WHAT TO PRODUCE
Except for the pictures, output the records in full and exactly.

•••

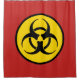 Red shower curtain with black and yellow biohazard warning symbol.
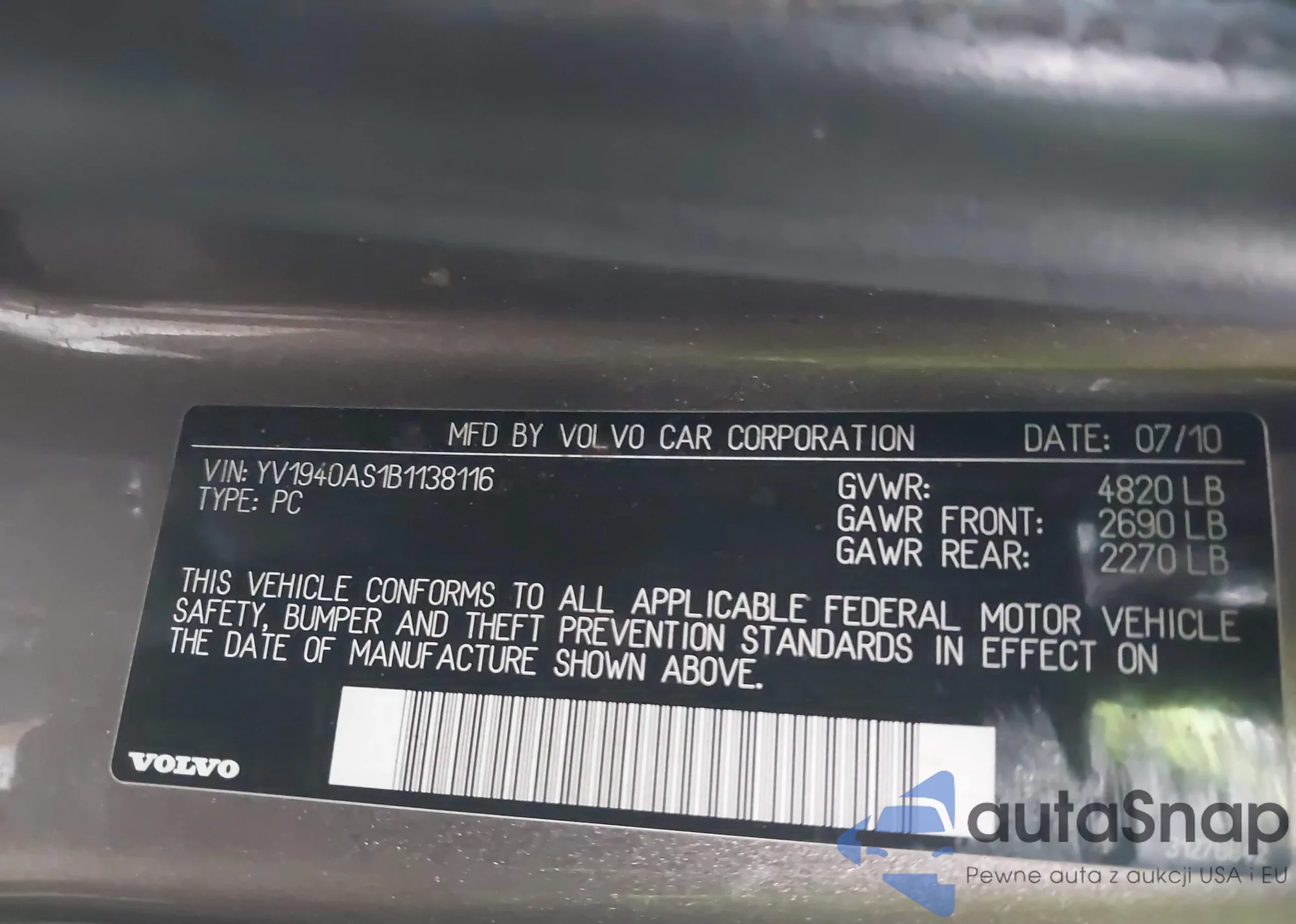 LOT: 44437332 VIN: YV1940AS1B1138116
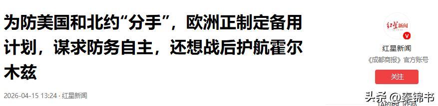 为防好意思国和北约“离婚”,欧洲正制定备用运筹帷幄,谋求防务自主,还念念战后护航霍尔木兹——2026-04-15 13:24·红星新闻
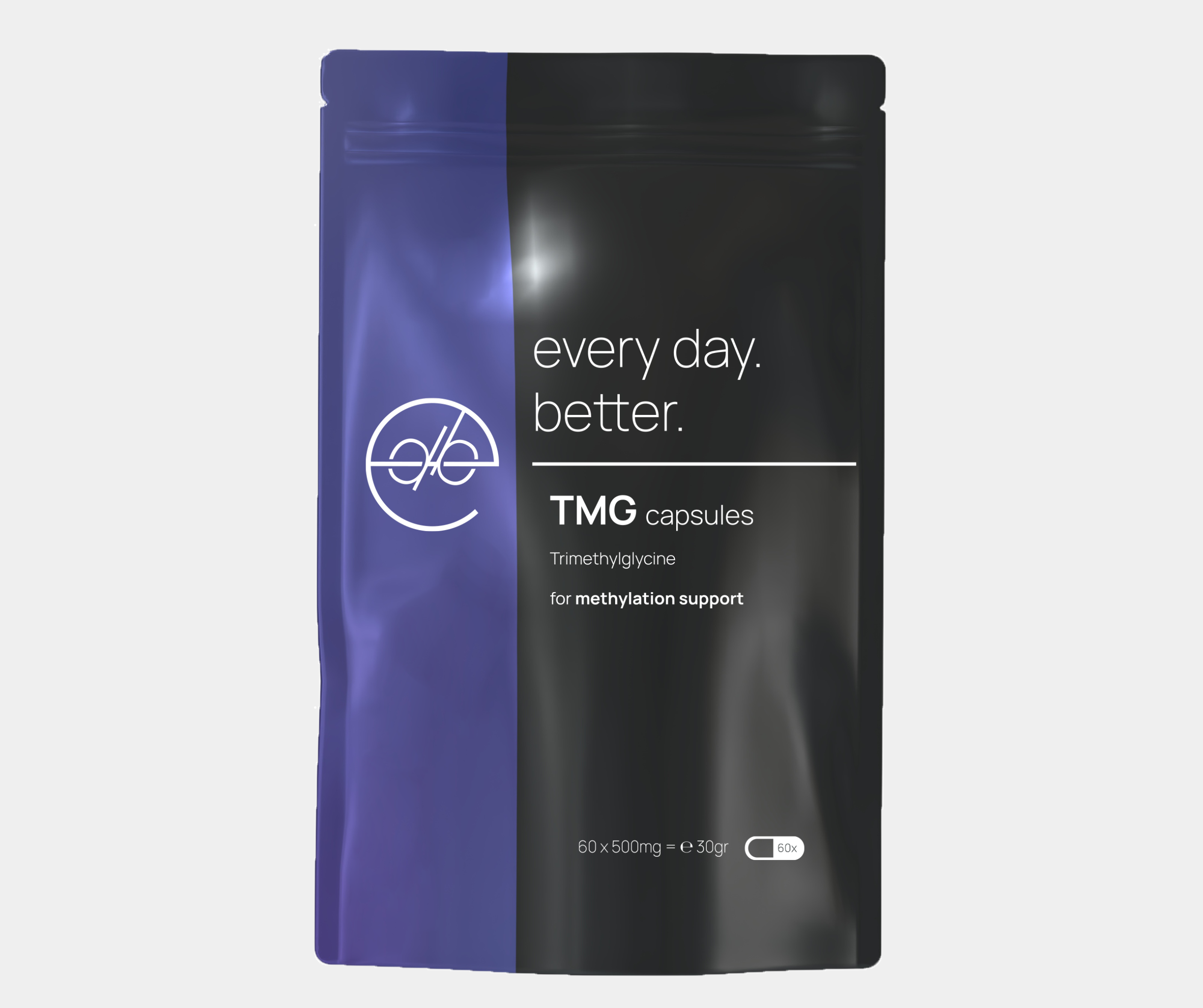 TMG Capsules from Every Day Better contain 500 mg of trimethylglycine per capsule and support the methylation process, homocysteine balance, and cellular energy. Ideal as a supplement to NMN and NAD⁺ boosters.
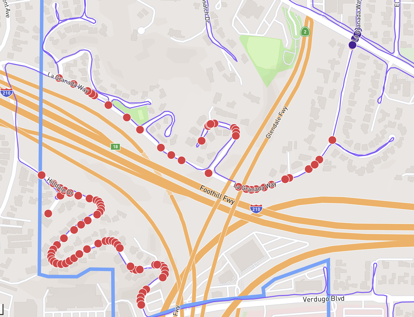 Just went on a run and noticed nodes not syncing with map. This is in the Pasadena region of Los Angeles. Below is the image. Hoping just a bug in the system. Thanks again for the help!

•••

RESULT
 Red shower curtain with black and yellow biohazard warning symbol.
 LOT: 44437332 VIN: YV1940AS1B1138116
 为防好意思国和北约“离婚”,欧洲正制定备用运筹帷幄,谋求防务自主,还念念战后护航霍尔木兹——2026-04-15 13:24·红星新闻
 TMG Capsules from Every Day Better contain 500 mg of trimethylglycine per capsule and support the methylation process, homocysteine balance, and cellular energy. Ideal as a supplement to NMN and NAD⁺ boosters.
 Just went on a run and noticed nodes not syncing with map. This is in the Pasadena region of Los Angeles. Below is the image. Hoping just a bug in the system. Thanks again for the help!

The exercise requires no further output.